A “classic car wash”

After more than 3,000 miles driving to Oklahoma and Kansas, including “close encounters” with Buffalo, my bug-rain-dirt coated car really needed a wash! It’s already quite hot to be washing my X3 so I visited nearby Classic Car Wash and purchased one of their higher price services – it began with a normal “spray and brushes” automatic car wash but then as many as five people descended on the car cleaning inside and out, very thoroughly! My X3 is now shiny and happy 🙂

Tupelo Buffalo Park

We had such a fun time at this zoo and drive through wildlife park where it’s allowed – encouraged! – to feed the animals!

First we explored the walk-through zoo area; it’s only ok to feed hoofed animals here, and there were only a few that were interested, but it nice to see the sloth, giraffe and goats …

Then we switched to driving through the Safari area – here it’s ok to feed any animal that comes up to the car windows and WOW did we do that a lot! Camel, Zebra, Buffalo, Ostrich and more – absolute fun and hilarity, we had to drive round again and were very pleased to have purchased four feed containers so we didn’t run out! This is a must do event (though the buffalo got a bit keen to rub against my car, no damage but maybe someone would be less lucky another day) …

Bricktown canal tour

Another stop, in Oklahoma this time, and we took a canal tour in the “Bricktown” district; it was quite pleasant and made better by a series of sculptures “The Oklahoma City Land Run Monument“.

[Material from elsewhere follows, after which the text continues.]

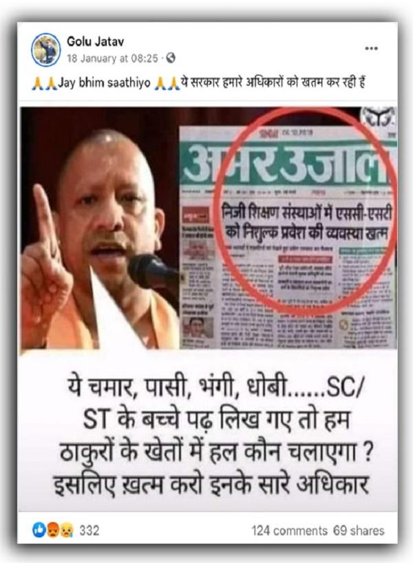 अनुसूचित जाति व जनजाति (एससी-एसटी) के छात्रों को लेकर सोशल मीडिया पर एक पोस्ट तेजी से वायरल हो रही है. पोस्ट में "अमर उजाला" अखबार की एक कटिंग और योगी आदित्यनाथ की तस्वीर के जरिये ऐसा बताने की कोशिश की गई है कि उत्तर प्रदेश के निजी शिक्षण संस्थानों में एससी-एसटी छात्रों के लिए निशुल्क प्रवेश की व्यवस्था खत्म कर दी गई है. सोशल मीडिया यूजर्स इस पोस्ट के कैप्शन में कह रहे हैं कि सरकार दलित समुदाय के लोगों के अधिकार खत्म कर रही है.

“… the incredible, and notorious, first Land Run, when 50,000 people rushed into the Unassigned Lands of Oklahoma Territory to stake their claim for free land.  Over two million acres in Oklahoma, both farm land and town lots, had previously been measured out by the government.  The vast crowd of hopeful settlers massed all along the border.  All were armed with a flag, to claim their stake — farmers and scholars, Yankees and southerners, the rich and the poor, black and white, soldiers and laborers, even women riding side-saddle.  At the sound of a cannon shot at noon, the anxious settlers surged forward in a tumultuous avalanche of wagons and horsemen all in one breathtaking instant.  Many did not achieve their dream; in the chaos of the mad dash, people were crushed, horses fell, wagons toppled, and fights ensued.  Besides, hundreds, maybe thousands, of settlers had already snuck in over the border a day or two sooner, to claim the choicest land.  These “sooners”, pretending to be exhausted from the mad dash, even having run their horses around in circles to get them all sweaty beforehand, made a show of slamming their flags into their chosen ground just as the first legitimate settlers appeared in the distance.  Dozens of the U.S. surveyors, in spite of it being illegal, had also already staked their claims, prompting years of court cases afterwards, some of which even went to the Supreme Court.